**Task instructions:**
Look below for the line with "Comience con una", then give it again exactly, along with every line that comes after it, the final line included.

**Data excerpt:**
::::

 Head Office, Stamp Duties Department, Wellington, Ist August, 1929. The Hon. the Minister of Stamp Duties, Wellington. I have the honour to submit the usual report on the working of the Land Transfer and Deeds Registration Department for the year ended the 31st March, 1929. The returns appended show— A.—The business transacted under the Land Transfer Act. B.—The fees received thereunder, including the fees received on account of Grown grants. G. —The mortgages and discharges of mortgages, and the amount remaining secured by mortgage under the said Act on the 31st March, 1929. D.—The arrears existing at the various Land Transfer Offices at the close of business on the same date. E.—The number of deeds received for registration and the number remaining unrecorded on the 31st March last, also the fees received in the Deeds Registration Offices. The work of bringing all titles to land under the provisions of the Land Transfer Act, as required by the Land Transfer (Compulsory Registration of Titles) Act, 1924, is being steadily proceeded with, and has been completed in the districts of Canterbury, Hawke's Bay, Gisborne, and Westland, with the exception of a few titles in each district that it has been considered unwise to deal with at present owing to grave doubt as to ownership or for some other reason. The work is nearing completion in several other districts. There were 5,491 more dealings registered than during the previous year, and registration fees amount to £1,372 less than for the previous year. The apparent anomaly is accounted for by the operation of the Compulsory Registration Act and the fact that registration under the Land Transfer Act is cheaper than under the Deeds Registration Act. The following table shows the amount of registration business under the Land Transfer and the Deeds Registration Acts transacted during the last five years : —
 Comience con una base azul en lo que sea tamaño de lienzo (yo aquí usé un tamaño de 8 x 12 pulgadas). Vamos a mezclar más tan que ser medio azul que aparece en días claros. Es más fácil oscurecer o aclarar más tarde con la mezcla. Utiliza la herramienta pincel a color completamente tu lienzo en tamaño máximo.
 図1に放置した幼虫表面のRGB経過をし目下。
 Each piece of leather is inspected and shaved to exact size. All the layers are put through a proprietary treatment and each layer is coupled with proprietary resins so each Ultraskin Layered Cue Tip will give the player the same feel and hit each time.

::::

**Exercise output:**
 Comience con una base azul en lo que sea tamaño de lienzo (yo aquí usé un tamaño de 8 x 12 pulgadas). Vamos a mezclar más tan que ser medio azul que aparece en días claros. Es más fácil oscurecer o aclarar más tarde con la mezcla. Utiliza la herramienta pincel a color completamente tu lienzo en tamaño máximo.
 図1に放置した幼虫表面のRGB経過をし目下。
 Each piece of leather is inspected and shaved to exact size. All the layers are put through a proprietary treatment and each layer is coupled with proprietary resins so each Ultraskin Layered Cue Tip will give the player the same feel and hit each time.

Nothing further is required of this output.